October 28, 2011 by in category A Fantasy Life by Janet Cornelow tagged as ,

I have put The Irish Countess up on Kindle. It has a new look thanks to Lex Valentine, an OCC member, who made the cover. It is really a sexy cover.

After the death of her husband, Countess Ciara MacCormack Fitzsimmons returns home to Ireland and the earl’s estate accompanied by her six-year-old son. There she meets Mick O’Hurlihey, the estate overseer, and falls in love for the first time in her life. However, being the countess keeps her from Mick.

Mick is smitten with Ciara the first time he sees her, but realizes that he can never lay claim to the Countess. Then danger stalks Ciara and her son and Mick risks his own life to keep theirs safe.

It is available at Kindle: http://www.amazon.com/The-Irish-Countess-ebook/dp/B005ZXEQGQ/ref=sr_1_1?s=digital-text&ie=UTF8&qid=1319765168&sr=1-1

I have been writing, which is a good thing. I am working on A Chance for Love, which is a time-travel that I started awhile back. It is moving along quickly. I am on chapter 6 already.

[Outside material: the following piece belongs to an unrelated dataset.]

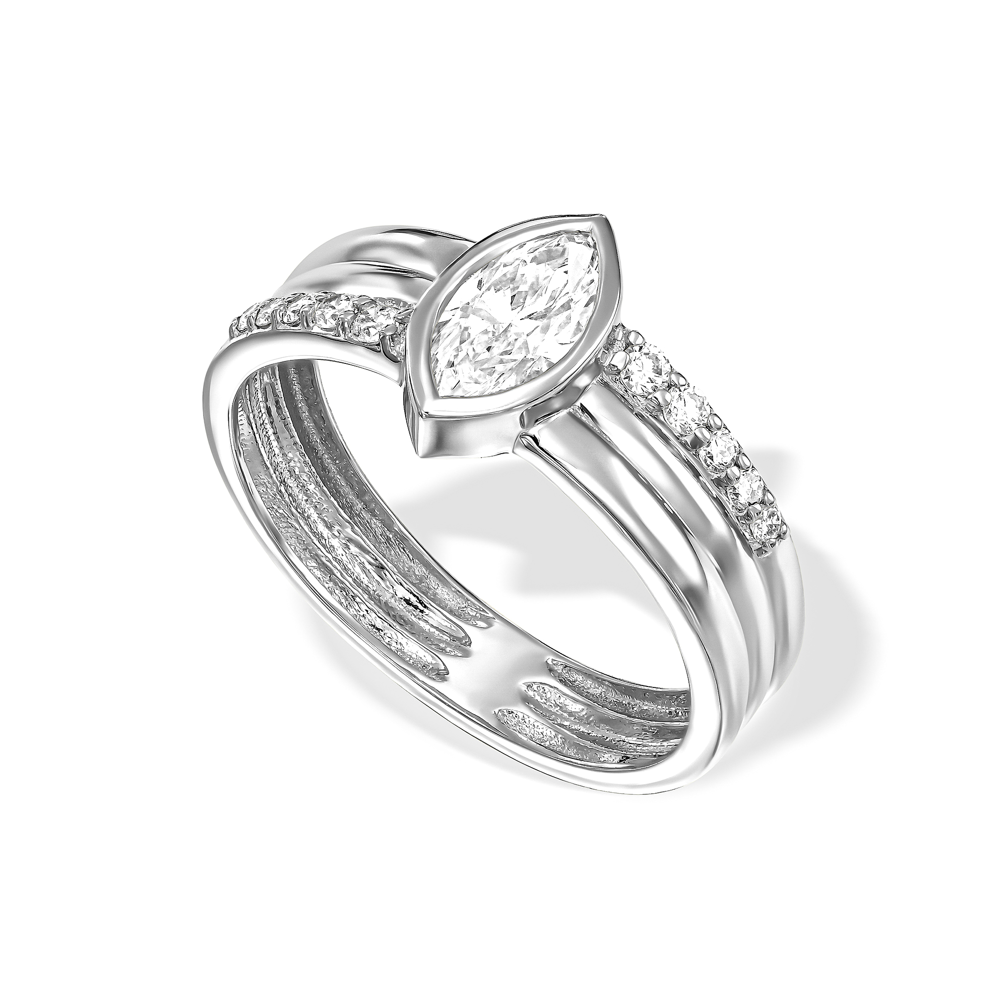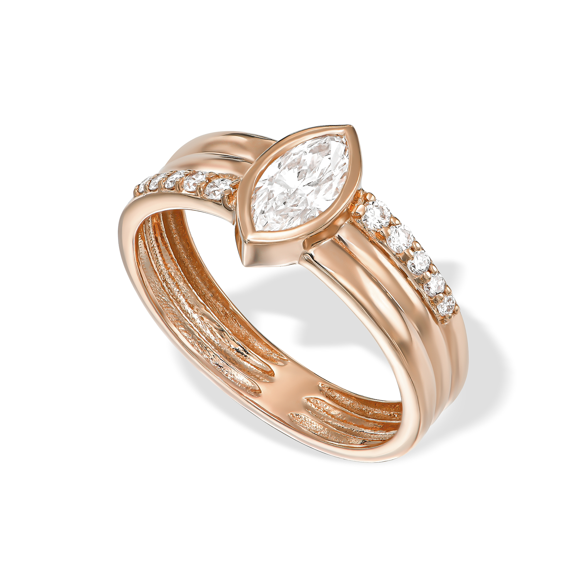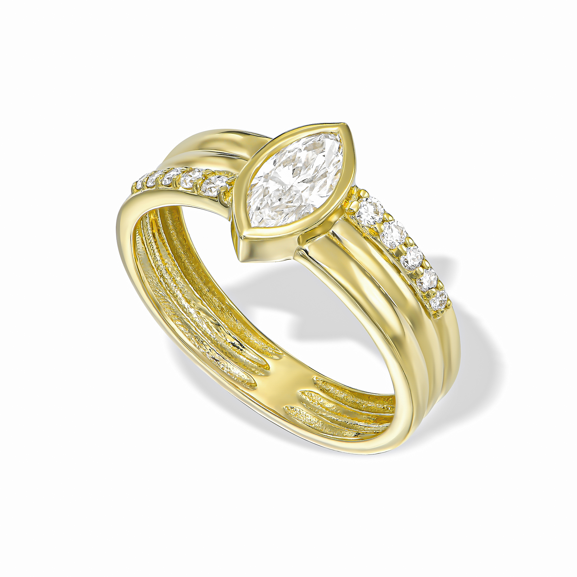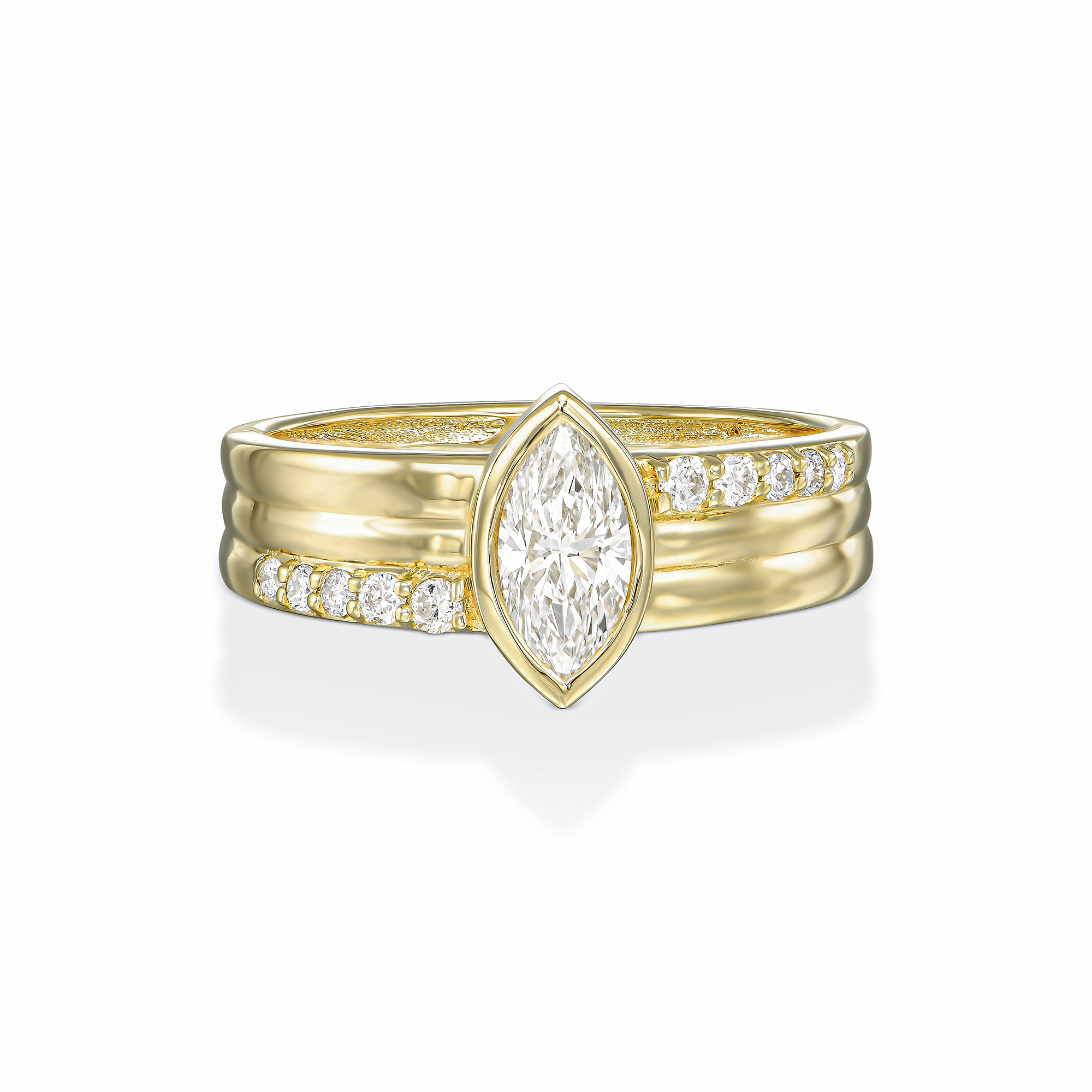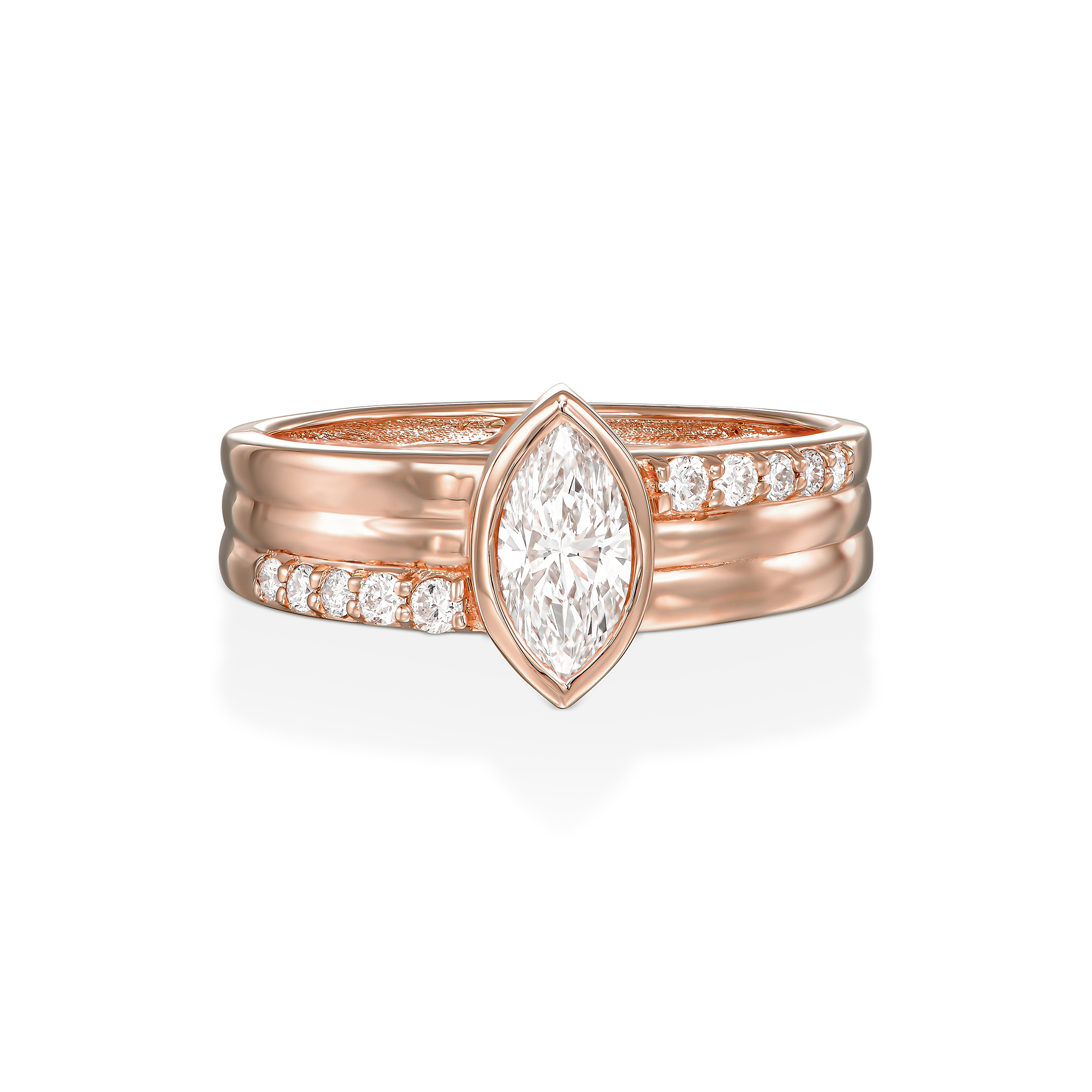 טבעת יהלום מרקיזה על טבעת זהב עבה 3 שורות משובצות יהלומים בצורה לא סימטרית מושלמת

The hero is getting ready to tell the heroine that he is from the future which is always a fun scene to write. I wish I had more time to write but the classes I am teaching take up much of my time.

So do my two “toddlers.” My dog and my kitten love to interrupt everything that I do. The kitten doesn’t understand that the 90 pound dog is not a big cat and does not wrestle like a cat does. I keep waiting for the kitten to get smooshed. He has turned out to be the alpha male and terrorizes the dog. Then he also terrorizes the humans and has redecorated a great deal of the house. I have baby proofed my kitchen. It is already for my granddaughter when she learns to crawl. Of course, by the time she can reach the top cabinets that are also baby proofed, she’ll be old enough to not hurt herself. Rugen, the kitten, on the other hand, can reach them now and wants to get into them and knock everything out. If I could convince him that the stove is not a safe place when there is something cooking on it, I will have really accomplished something. I have to watch the stove at all moments because he keeps trying to set himself on fire.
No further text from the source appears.